Here are some of the possible effects the move could have.

Tesco Booker


This move will see Tesco gain an even larger share of the market, and thus extend its influence on numerous different stores across the country. There are fears that this will severely harm competition in 350 areas, which has caused the Competition and Markets authority to launch an investigation into the deal.

Smaller independent businesses could see their influence curbed, and those which are owned by Booker could well see the services they offer reduced in a bid to persuade customers to go to Tesco stores instead. If this were to happen, there may be consequences for shoppers, who would have less of a say in where they get their groceries.

Less profits for Tesco

Some shareholders have been critical of the deal, claiming that Tesco are being too generous in their offer. There are also concerns that the growth which Booker has enjoyed (and which likely influenced the deal) is not a permanent fixture, and that value will not be created for Tesco’s shareholders.

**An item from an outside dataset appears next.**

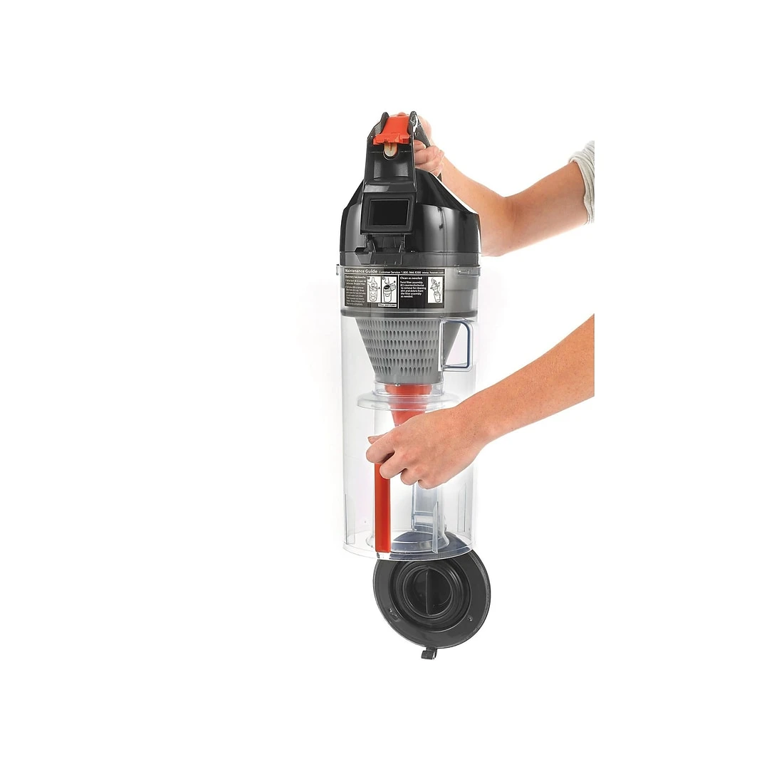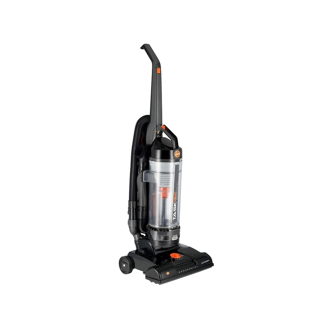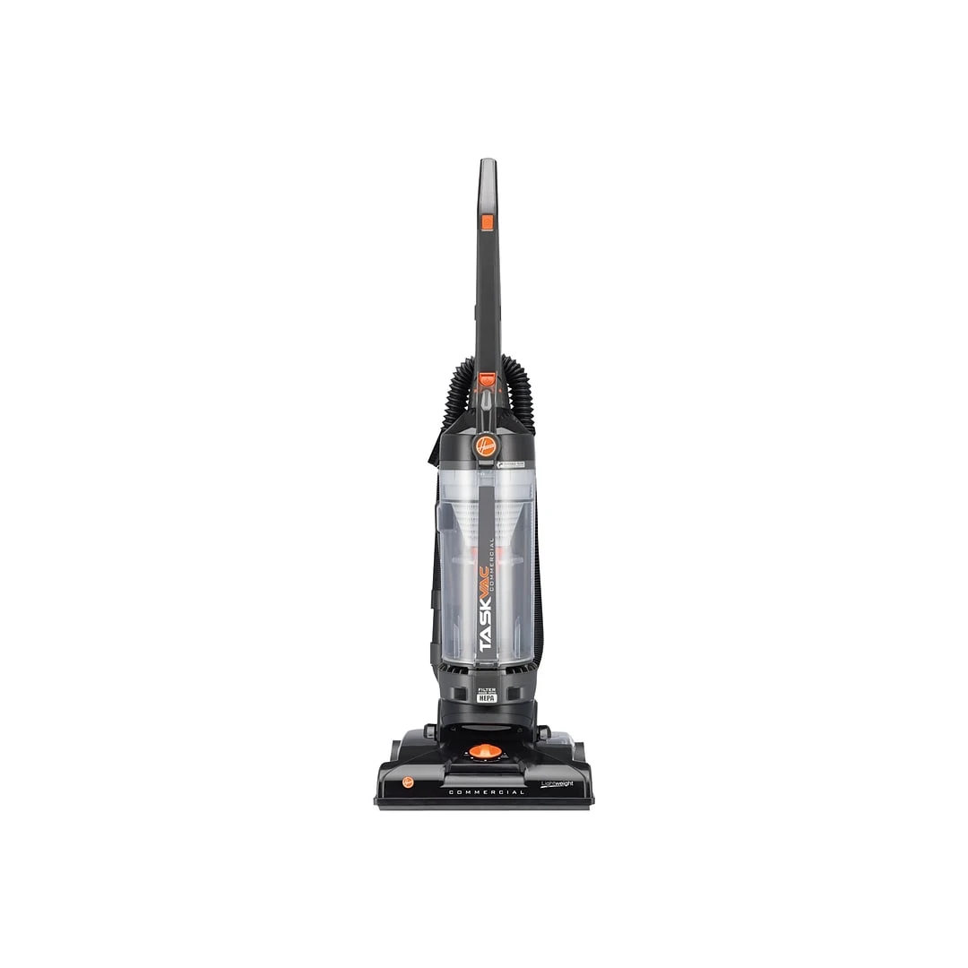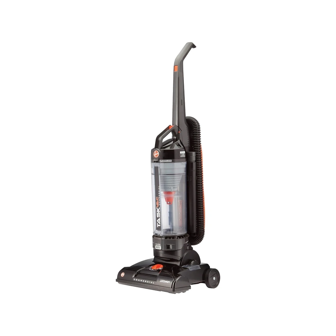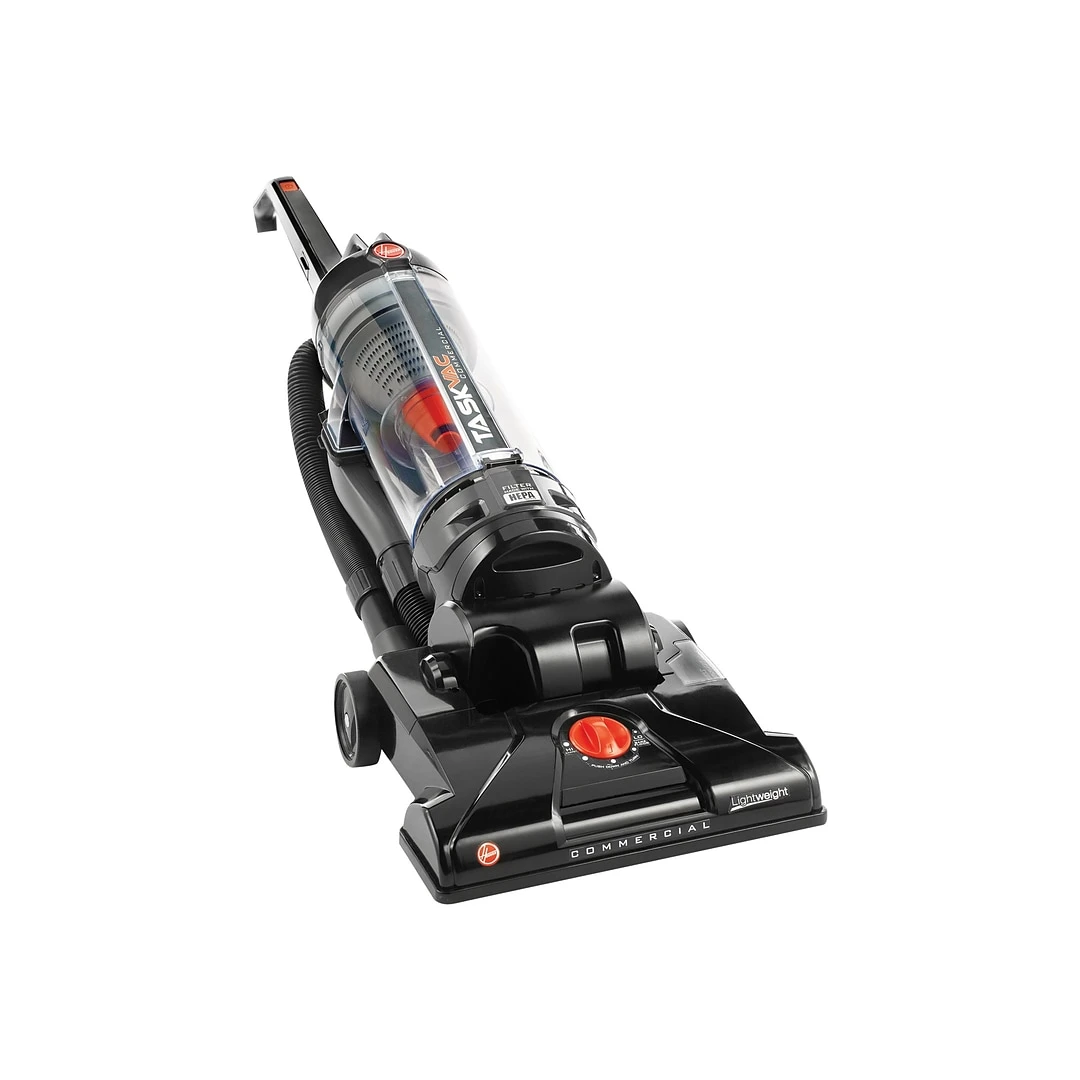 Bring deep cleaning action to your workspace with this upright vacuum. The HEPA filter works to remove dust and other small particles, while the removable dirt cup makes emptying a quick, easy task. This bagless vacuum features a simple brushroll and belt replacement system for convenient maintenance. A long 8-foot stretch hose and cleaning accessory pack help you reach the top of windows, around corners, and under furniture, providing versatile cleaning capabilities. Use the height adjustment dial to transition effortlessly from one flooring surface to another. A handy performance check indicator lets you know when this vacuum needs maintenance, and the 35-foot cord means fewer plug changes as you clean. With a lightweight design and uniquely shaped D handle, this Hoover TaskVac upright vacuum cleaner allows for more comfortable maneuvering.

Tesco already had to pay hefty fines in 2014 in order to avoid prosecution for profit overstatement, so its reputation is already suffering. Now that the deal has made headlines and private shareholders have voiced their concerns, the deal could well serve to damage the supermarket’s reputation further, especially if it turns out to be less successful than Tesco hopes.

Further Takeovers

It is worth noting, however, that Tesco is not alone in seeking to make deals to stimulate their own growth, with Sainsbury’s also looking to forge a deal with the corner shop chain Nisa. This shows a huge shift in supermarket behaviour, with aggressive takeovers seemingly becoming common.

If the Nisa deal goes through, it could well set a benchmark for other supermarkets to follow suit and seek to buy out even more smaller businesses. This would shrink the supply chain further and could result in supermarket dominance in the near future.

Greater Regulation

Should Tesco’s deal prove to be harmful to the consumer and shareholders, there will no doubt be a call for greater regulation and audits for large companies in the future. With supermarkets now playing an aggressive game, the backlash could be equally aggressive against them.

That being said, the future is still uncertain, and the deal could also work well for the supermarkets, stimulating growth and potentially instigating even more deals further down the line.

The impacts of the Tesco-Booker deal are yet to be fully felt, but there are certainly groups who are dissatisfied. As time goes on, more supermarket deals may well materialise, although this could prove damaging to them if they are seen to choke out smaller competition.